«Поменяться местами»: напыщенные либерийские рабы

автор Гари Брехер

ФРЕСНО – Я писал немного о великих военных фигурах, подаренных миру Либерией, типа генерала Голозадого и его безбашенных душегубов-трансвеститов в париках под платиновых блондинок. Но я так и не поведал вам уморительной, совершенно сумасбродной истории о том, как Либерия стала такой, какая она есть. И это настолько интересно, что я более не в силах тянуть с рассказом.

Либерийская история считается «трагической», что с газетного шифра переводится как «дьявольски забавная». Что ж я поделаю, если так оно и есть. Дело не в том, что я не умею сочувствовать. Я умею.
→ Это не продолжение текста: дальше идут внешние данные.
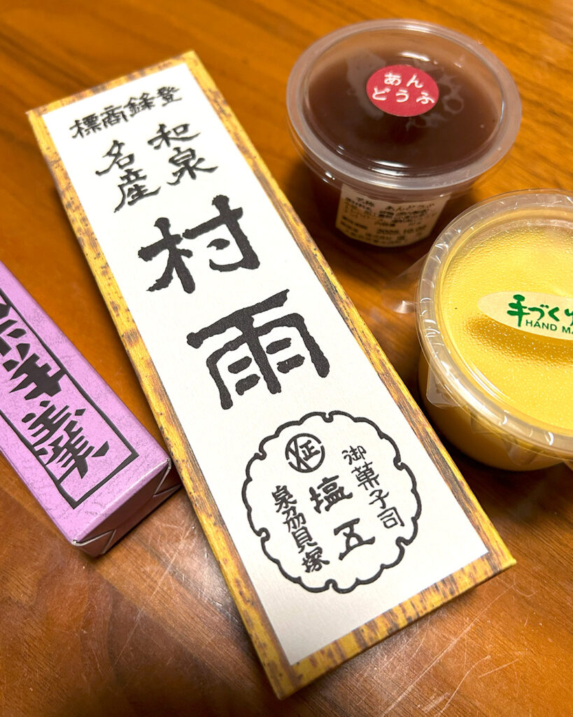 今回は「村雨」以外にも、プリン・あんどうふ・栗羊羹を購入。
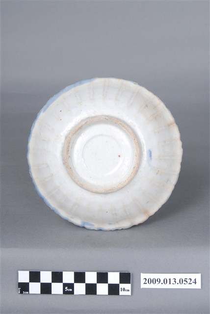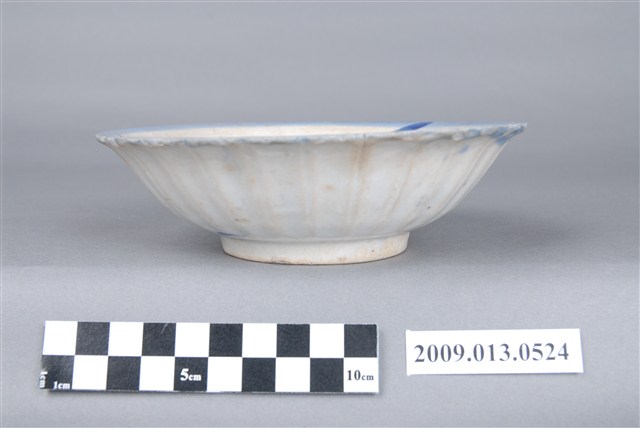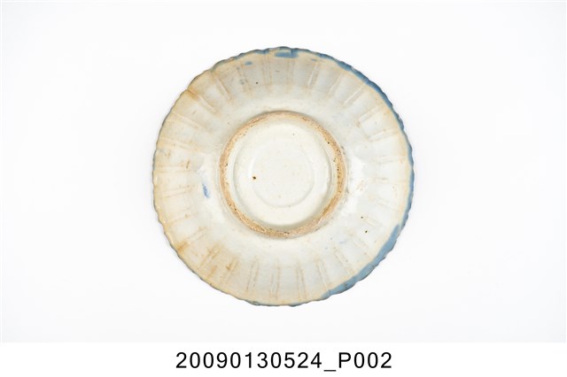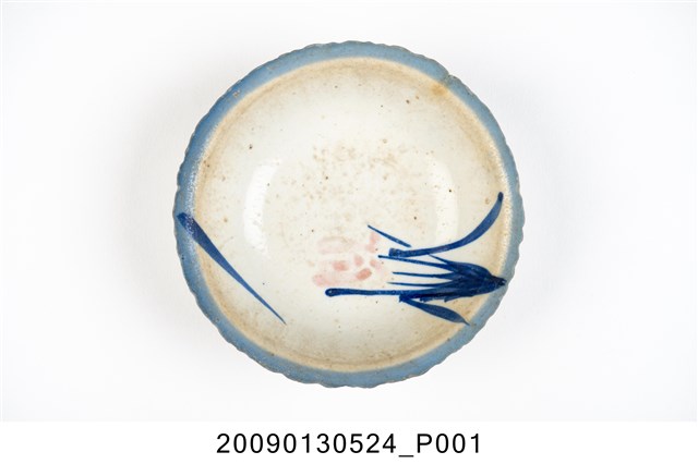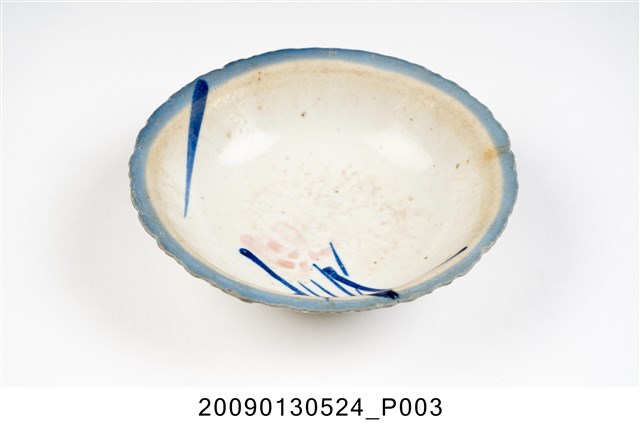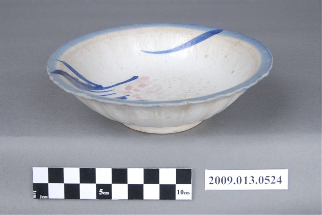1.青花粉紅彩花葉紋菱花口碗,以模製成形,撇口,折沿,淺弧壁下收,圓腹,底有圈足,口沿與碗外壁壓模裝飾菱花瓣造型,碗底心壓模同心圓形造型,增添變化。全器施白釉,足底露胎,折沿處施塗一圈青花鈷料裝飾,主要紋飾繪於碗內壁一側,以1950年代流行的青花粉紅彩描繪花葉紋飾,上方再隨意畫出一筆青花長葉片,其餘面積大片留白。碗的表面有黃褐色汙漬痕,碗心有明顯氣孔,口沿處有一直裂紋。2.鶯歌陶業發展大約始於清朝嘉慶年間,多以厚重的粗陶器為主,直到1937年中日戰爭爆發,陶瓷器取得不易,有北投工人轉往鶯歌發展,帶動鶯歌製碗業的發展。早期碗盤多只用青花裝飾,約1950年代業者開始使用粉紅彩搭配青花,之後又出現綠色、褐色等其他顏色的著色劑,發展出釉下多彩,使裝飾色彩應用更加多元。此碗口沿特意做成花口邊,頗具特色,葵花、菱花、荷花都是常見的花口造型。
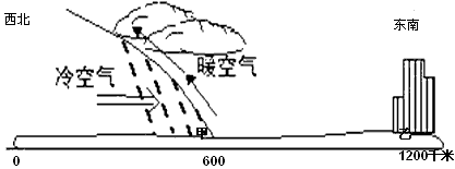 4、单选题  读“冷锋示意图”,这种锋面的气团活动规律是

Но вот вы скажите, из какой дыры приехали ваши дедушка с бабушкой? Наверняка из какой-нибудь голодной деревни, где угольная шахта закрыта с тех пор, как погребла целую смену местных рабочих. Как бы вам понравилось, если бы ваши соседи организовали сбор средств для отправки вас обратно, несмотря на то, что вы не знаете ни слова на тамошнем языке? «Нам кажется, что ты не в своей тарелке в Санта-Барбаре и никогда не станешь по-настоящему счастлив, пока не вернёшься обратно в Нижнюю Словобию!»

Так и начиналась Либерия. С самого начала это была затея белых. Они беспокоились о свободных неграх, составляющих порядка одной десятой 2-миллионного негритянского населения США. Два крайних крыла в споре о рабстве, аболиционисты и полоумные рабовладельцы, согласились, что со всеми этими неграми надо что-то делать.

Аболиционисты так любили негров, что хотели отправить их куда-нибудь подальше. Того же желали и рабовладельцы, объявившие без всяких на то оснований, что свободные негры являются «зачинщиками безобразий». (Непонятно, что значит «безобразий» – возможно, они забрасывали туалетной бумагой дома плантаторов из «Унесённых ветром».)

Некие богатые белые доброхоты, включая Фрэнсиса Скотта Ки, который написал «Звёздно-полосатый флаг», принялись совместно собирать деньги на отправку свободных негров обратно в Африку. Для них у Ки нашёлся особый вариант гимна:

«О, виден ли вам
Дом храбрых мужей? Если да, то вы стоите слишком близко.
Поезжайте миль этак на 4000 к юго-востоку, в Западную Африку-у-у.»

Конгресс раскошелился на крупный грант, и в 1819 году судно с 88 свободными неграми и тремя сопровождающими пришвартовалось к берегам другого успешного предприятия по реплантации негров, Сьерра-Леоне. Подзаправившись во Фритауне, они направились вдоль побережья на юг к земле обетованной, Либерии.

В течение трёх недель после прибытия на новое место жительства все трое белых и 22 негра умерли от лихорадки. За такое время едва успеешь начать давать местным достопримечательностям имена, начинающиеся со слова «свобода».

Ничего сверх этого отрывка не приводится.